In fact, this idea of ‘making a difference’ would become the central theme of a nationwide recruitment campaign – fronted by a charismatic and (at the time) bushy-bearded Williams – launched by the city to attract the talent it needed to its infrastructure team.

“I wanted us to build a team that, as well as engineering skills, could bring innovative commercial thinking and approaches to the table. 

“That meant breaking down some negative stereotypes of what a City Council Infrastructure unit could be like, because it’s actually an incredibly exciting and dynamic period to be working in this area, especially in Palmerston North.” 

Williams claims the campaign was a huge success, with his team now including a diversity of backgrounds and skillsets, and an energetic approach to delivering on projects. 

“We found exactly the right kind of people, and the mix of skills is brilliant. I’m very proud that we’ve attracted some incredibly talented folks who hadn’t really had working in local government on their radar, but who now love the difference we’re able to make to the city and people’s lives.”

Having previously worked for the New Zealand Defence Force, Air Services Australia and KiwiRail, Williams believes fresh approaches are needed to effectively deliver infrastructure needs in regional New Zealand. 

“It’s a fascinating time for those of us working in infrastructure, in spite of, and in many ways because of the challenges in the sector,” he says.

While details of some of the new approaches Palmerston North is working on are under wraps as negotiations with partners continue, Williams cites procurement as a key area for adding value.

“We’ve been upfront about our desire to bundle procurement where the opportunity to do so is available. These are the kind of strategic partnerships through which we can achieve the scale that would otherwise be beyond a city our size, and enable our partners to invest with confidence to develop the required resources in our area.”

In terms of bringing residents and stakeholders along on the journey, Williams says new approaches to planning have delivered benefits that PNCC can continue to build on. 

“We never lose sight of the fact we are ultimately accountable to our residents. During the Ten Year Plan process, we found that our Spatial Plan for projects across the city (which was first developed for internal stakeholders) was a key tool in illustrating the grand vision for the city that we were asking ratepayers to invest in. 

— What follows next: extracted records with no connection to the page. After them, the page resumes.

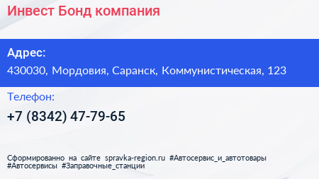 Инвест–Бонд, компания по адресу 430030, Мордовия, Саранск, Коммунистическая, 123 в дальнейшем Организация, размещена в следующих категориях:
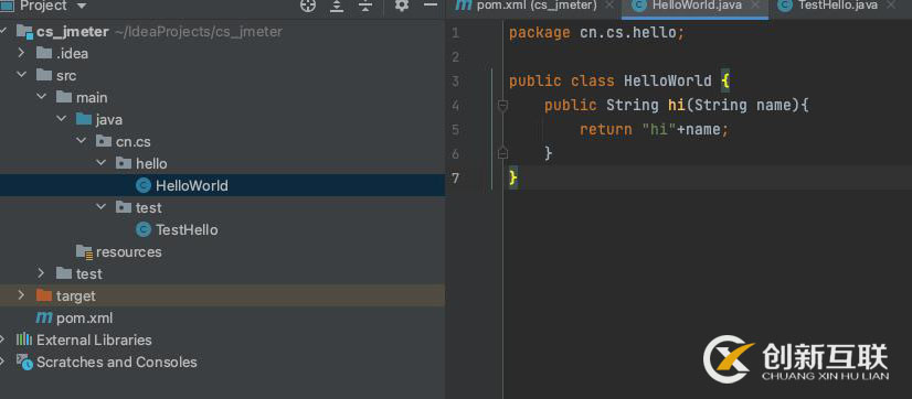 在HelloWorld類下,有個hi 的方法。 傳入 name,返回 hi+name。
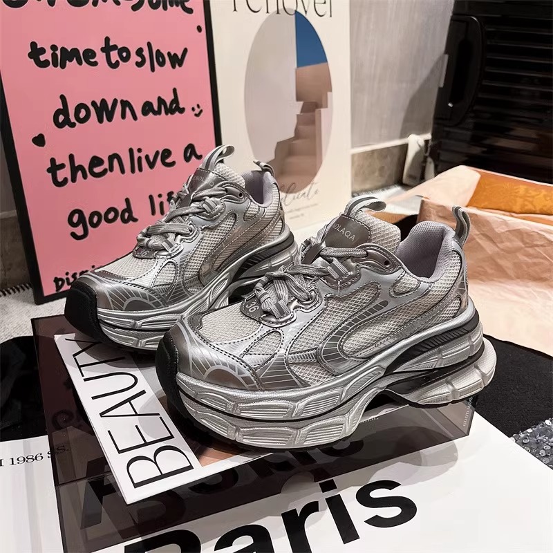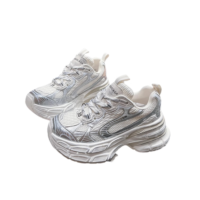 Двухслойные женские кроссовки в стиле "Парижские папины туфли" 2025 года, новые, на толстой платформе, повседневные, для невысоких женщин, серебристого цвета.
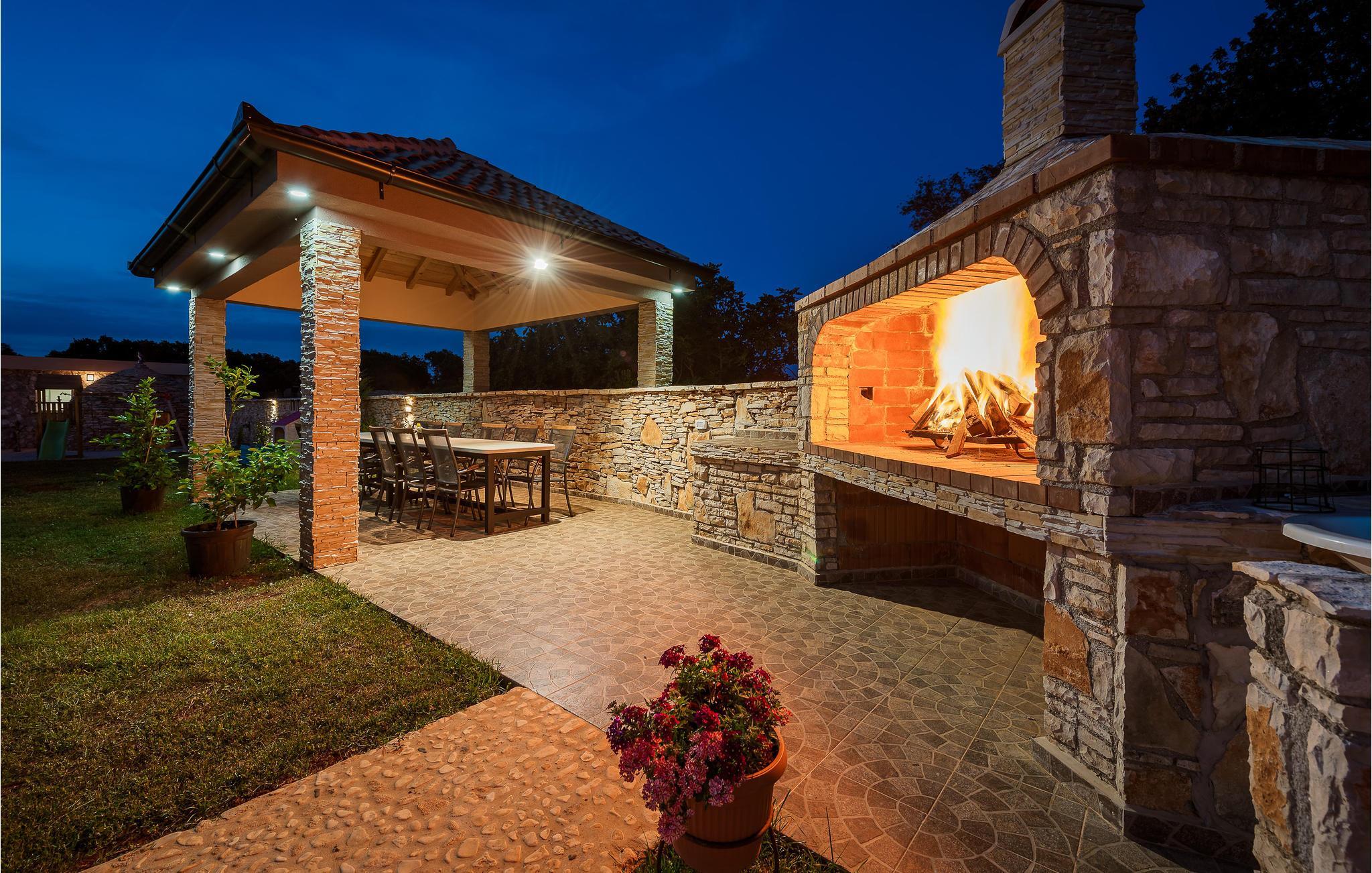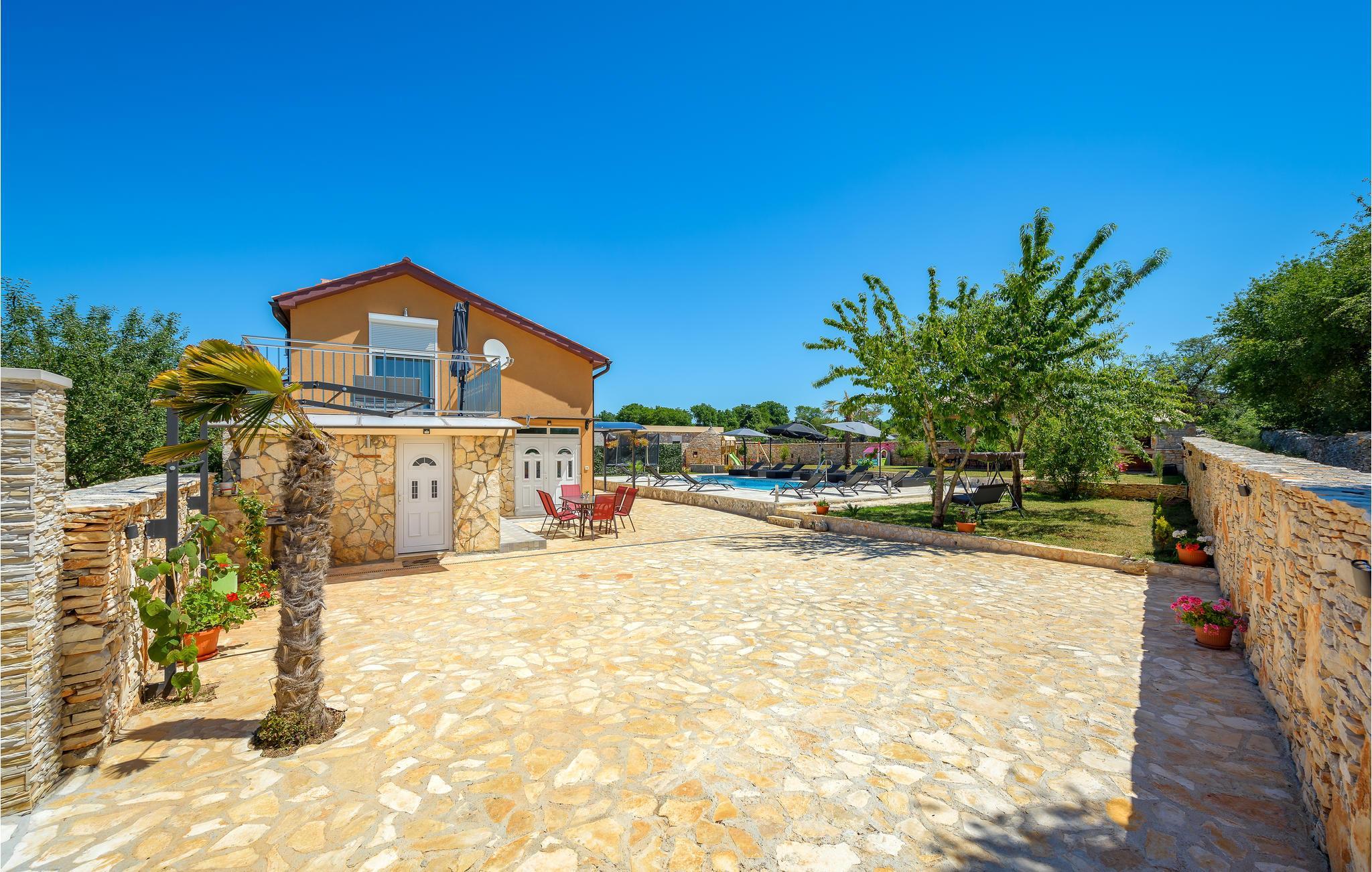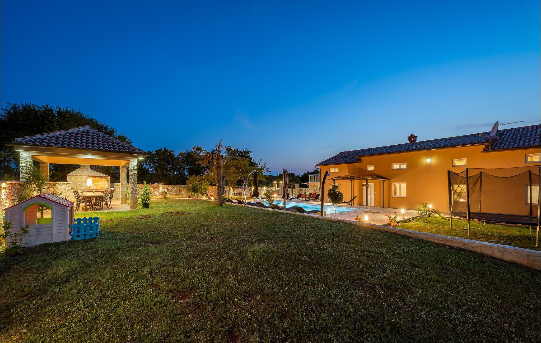 Dieses idyllische Urlaubsdomizil bietet den perfekten Rahmen für einen erholsamen Urlaub in ländlicher Umgebung. Es befindet sich in einen kleinen Dorf nahe der Altstadt von Vodnjan. Die geräumige Wohnfläche besteht in Erdgeschoss aus Küche, Wohnzimmer, Schlafzimmer und Bad, während im Obergeschoss fünf weitere Schlafzimmer und zwei Bäder eingerichtet sind. Auf dem Grundstück erwartet Sie neben dem großen Pool auch ein Wellnessraum im separaten Gebäude mit Sauna, Whirlpool und Fitnessgeräten. Außerdem verfügen Sie hier über eine Außenküche mit Grill und überdachter Terrasse, auf der Sie mit Sicherheit viele Stunden im Freien verbringen werden. Ein Besuch der Altstadt von Pula und die Besichtigung des römischen Amphitheaters ist empfehlenswert.
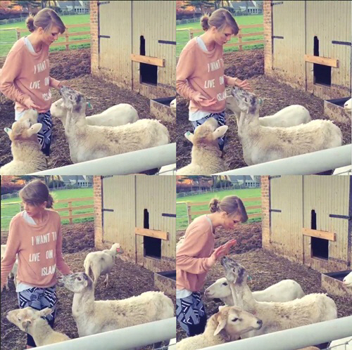 테일러 스위프트는 4월 27일(이하 현지시간) 자신의 인스타그램 계정에 축사의 양들에게 대화를 시도하고 있는 영상을 게재했다.

“Subsequently, we’ve begun working with other Councils across the region on a combined long-term Spatial Plan, which should help any stakeholder understand at a glance what the future of development in Manawatu-Whanganui looks like,” he says.

Williams says that central Government’s investment in the city will continue to deliver returns for the region and our economy as a whole. 

“Palmerston North is a literal and figurative crossroads in the heart of the lower North Island; a place where rural and urban, production and logistics, research and commerce all intersect to create value. 

“We’re putting major investment into our own city’s growth and development, and central Government is recognising our strategic value by delivering critical infrastructure. 

“When the private sector sees that the city has a clear plan for development, backed by central Government, the opportunities for business to invest are clear.”

Through the Provincial Growth Fund, the Government has already pledged over $40 million to projects in Palmerston North, including the development of KiwiRail’s multi-modal freight hub, which has been described as “a major step forward in New Zealand’s approach to freight logistics”. 

In the meantime, Williams says Palmerston North is focused on delivering on its vision for the future, which is summarised by the slogan ‘Small city benefits – big city ambition’.

“There’s a real swagger to Palmerston North these days,” he says.

“In that people recognise something special is happening, they’re on board with where we’re heading, and they want to be part of it.”

There’s little doubt Williams and his infrastructure team are relishing their key role in ‘making a difference’ to the future of one of our iconic regional cities.